There are circumstances where you can leave off the number of elements in an array type. This results in an incomplete type — a type whose storage requirements are not known. So you can declare double vector[], which is an array of unspecified size of doubles. However, you can't put objects of incomplete types in an array, because the compiler needs to know the element size when you access elements.
For example, you can write double inputMatrix[][M], which declares an array of unspecified length whose elements are arrays of length M of doubles. The compiler then knows that the address of inputMatrix[i] is i*sizeof(double[M]) bytes beyond the address of inputMatrix[0] (and therefore the address of inputMatrix[i][j] is i*sizeof(double[M])+j*sizeof(double) bytes). Note that it needs to know the value of M; this is why you can't leave off M in the declaration of inputMatrix.
A theoretical consequence of how arrays are laid out is that inputMatrix[i][j] denotes the same address as inputMatrix + M * i + j.¹
A practical consequence of this layout is that for efficient code, you should arrange your arrays so that the dimension that varies most often comes last. For example, if you have a pair of nested loops, you will make better use of the cache with for (i=0; i<N; i++) for (j=0; j<M; j++) ... than with loops nested the other way round. If you need to switch between row access and column access mid-program, it can be beneficial to transpose the matrix (which is better done block by block rather than in columns or in lines).

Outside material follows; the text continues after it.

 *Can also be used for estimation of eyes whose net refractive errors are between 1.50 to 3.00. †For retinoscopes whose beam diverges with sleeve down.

C89 references: §3.5.4.2 (array types), §3.3.2.1 (array subscript expressions)
C99 references: §6.7.5.2 (array types), §6.5.2.1-3 (array subscript expressions).

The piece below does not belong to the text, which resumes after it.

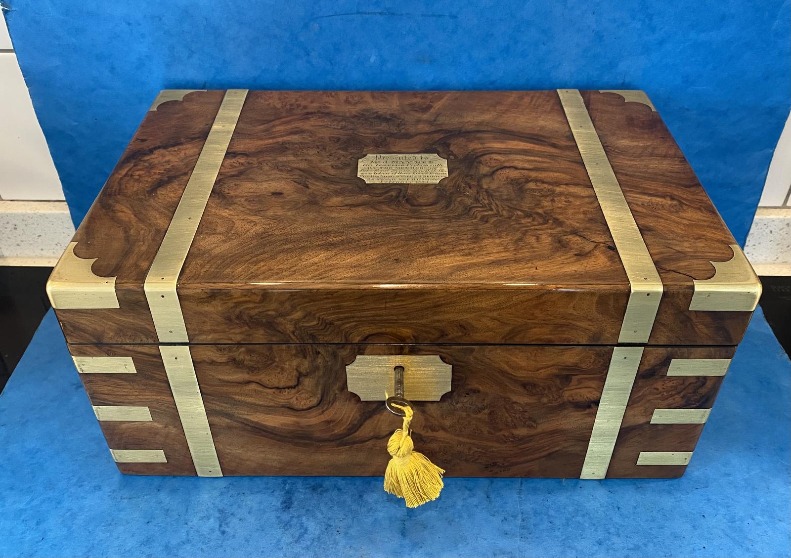 Victorian Full Brassbound Well Figured Walnut Writing Slope, with Secret Drawers

¹ Proving that this expression is well-defined is left as an exercise for the reader. Whether inputMatrix[0][M] is a valid way of accessing inputMatrix[1][0] is not so clear, though it would be extremely hard for an implementation to make a difference.
This is because in memory, this is just a contiguous area, a single-dimension array if you will. And to get the real offset of inputMatrix[x][y] the compiler has to calculate (x * elementsPerColumn) + y. So it needs to know elementsPerColumn and that in turn means you need to tell it.
No, there's not. The situation's pretty simple really: what the function receives is really just a single, linear block of memory. Telling it the number of columns tells it how to translate something like block[x][y] into a linear address in the block (i.e., it needs to do something like address = row * column_count + column).
Other people have explained why, but the way to pass a 2D array with unknown dimensions is to pass a pointer. The compiler demotes array parameters to pointers anyway. Just make sure it's clear what you expect in your API docs.